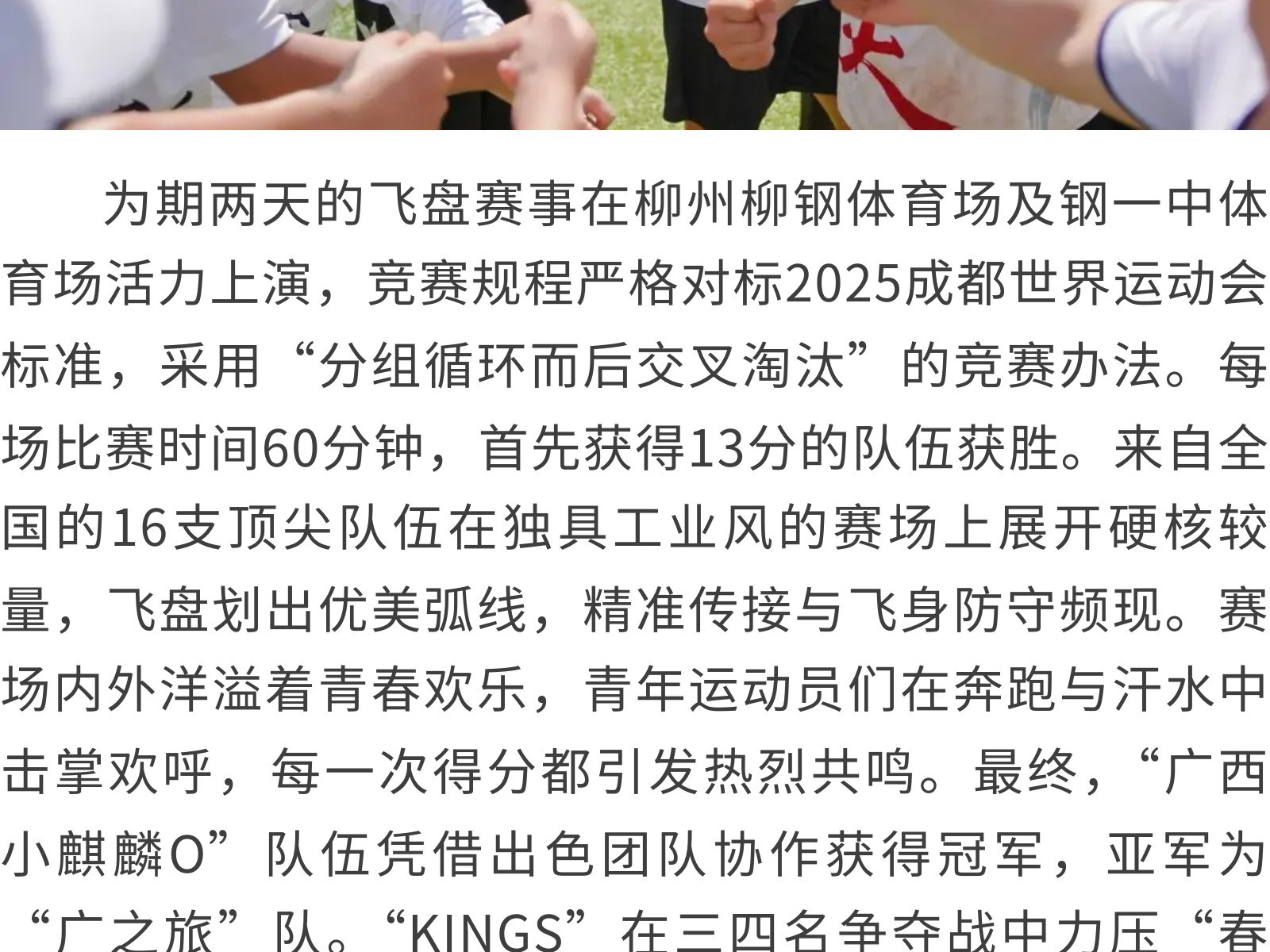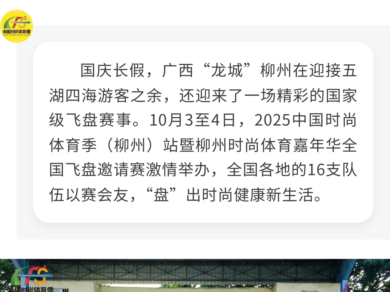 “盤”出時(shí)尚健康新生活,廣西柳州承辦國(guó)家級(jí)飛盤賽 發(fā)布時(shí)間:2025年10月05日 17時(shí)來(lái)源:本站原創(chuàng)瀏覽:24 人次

--

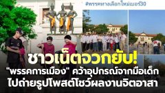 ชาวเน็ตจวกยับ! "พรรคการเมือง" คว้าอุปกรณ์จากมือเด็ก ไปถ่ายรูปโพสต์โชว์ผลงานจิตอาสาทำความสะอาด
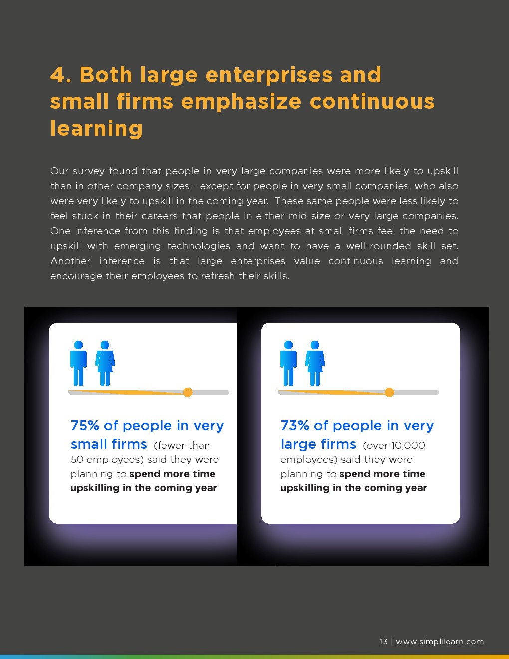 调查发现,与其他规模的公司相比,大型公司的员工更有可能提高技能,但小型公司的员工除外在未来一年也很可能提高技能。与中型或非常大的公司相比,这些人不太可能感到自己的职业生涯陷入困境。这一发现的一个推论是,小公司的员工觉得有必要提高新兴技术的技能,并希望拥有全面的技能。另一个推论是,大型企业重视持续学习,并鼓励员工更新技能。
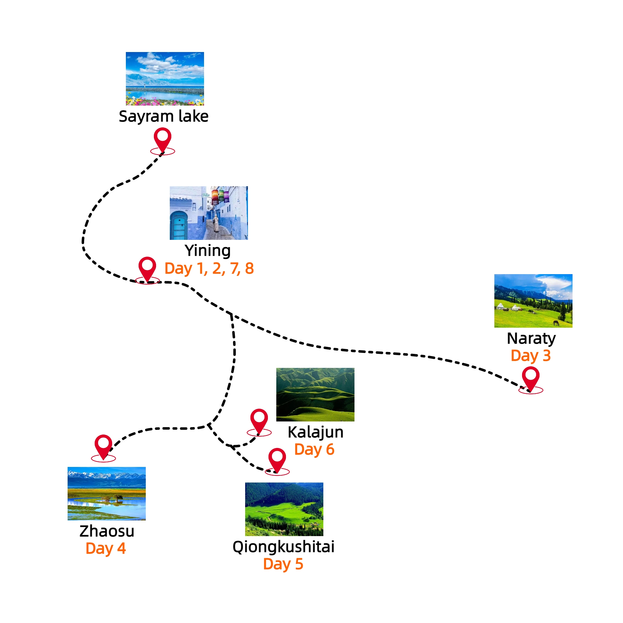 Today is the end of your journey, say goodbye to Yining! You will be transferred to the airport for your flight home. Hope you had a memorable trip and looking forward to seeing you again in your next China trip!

■ PROBLEM
From the data above, return only the lines starting at the line that holds "调查发现,与其他规模的公司相" and ending at the line that holds "Today is the", word for word and without pictures.

■ WRITTEN ANSWER
 调查发现,与其他规模的公司相比,大型公司的员工更有可能提高技能,但小型公司的员工除外在未来一年也很可能提高技能。与中型或非常大的公司相比,这些人不太可能感到自己的职业生涯陷入困境。这一发现的一个推论是,小公司的员工觉得有必要提高新兴技术的技能,并希望拥有全面的技能。另一个推论是,大型企业重视持续学习,并鼓励员工更新技能。
 Today is the end of your journey, say goodbye to Yining! You will be transferred to the airport for your flight home. Hope you had a memorable trip and looking forward to seeing you again in your next China trip!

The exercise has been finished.